The project is involves remaking of the Neo-futuristic American architect John Portman’s spectacular hotel which was built in1987. The existing hotel offered the ideal stage for the reinvention of the atrium hotel, with bringing the garden into the atrium. The challenges of lighting design involves introducing layers of light in the impressive atrium space, working with limited existing lighting points, integrating the new and old elements and also the trees and planting scheme unto the cascading planters. The atrium receives limited daylight exposure and posed challenges to the survival of the trees and plants. While grow lights are definitely required to supports the growth of the garden, achieving certain technical requirements of photosynthetic active radiation levels, the general concern of how the exposed grow lights will co-exist with the hotel guests and even complement the ambience for the hotel.
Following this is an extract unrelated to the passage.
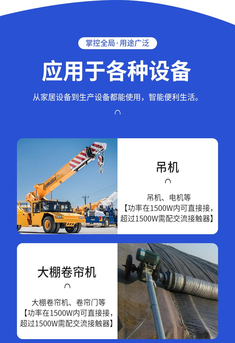 應(yīng)用場(chǎng)景:起吊設(shè)備 ,大鵬卷簾機(jī)、升降設(shè)備、正反轉(zhuǎn)電機(jī),工業(yè)信號(hào)控制, 投影幕布等
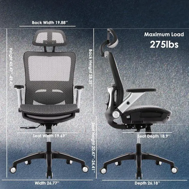 Comprehensive Functionality for Ultimate Comfort This COLAMY Ergonomic Office Chair features an adjustable headrest, 4D flip-up armrests, adjustable lumbar support, and height adjustment to cater to all your sitting needs. Whether you' re working, studying, or gaming, the office chair with foot rest design ensures comfort and productivity, helping you stay focused longer.

The lighting concept thus challenges this and using very controlled optics, high RA9, colour rendering and tunable white solution of the grow lights, we are able to create the atmosphere of being in the forest in the daytime in 3800K, while evening approaches, the lighting ambience transforms into an atmospheric garden at 3100K. The lighting level changes throughout the day, responding to the natural lighting environment and the needs of the greenery. The grow lights double up to support growth and form part of the overall scenes and ambience of the atrium, which was originally too dark before the renovation. The interior architectural lighting also involves the overall lighting in the reception, atrium space, in addition to the landscape lighting.

The opportunity of giving new light to the American artist, Richard Lippold’s suspended sculpture, Orchidea. Designed as a light tribute to Richard Lippold’s Orchidea sculpture and architect’s John Portman’s atrium built in 1987, the 2 and half minute light show performance is played every hourly at 7pm, 8pm, 9pm transforms the garden atrium into a new light scape in the evenings. Transitioning from a gardenscape, it turns into a futuristic scape of light and sound, bringing out the artistic playfulness of the on-site architectural elements by architect’s John Portman’s impressive atrium space, American Sculptor’s Richard Lippold’s hanging sculpture, Orchidea and the newly transformed interior garden scape by FDAT and Ramboll Studio Dreiseitl.

The light show will engage onsite volumes, planes and with the Orchidea as one of the key elements of the light show, enhancing interaction of light and space with the metallic suspended wires, geometric forms soaring through the atrium and engaging the atrium on the whole, and further bringing out the mood of euphoric futurism, spiritual aspiration.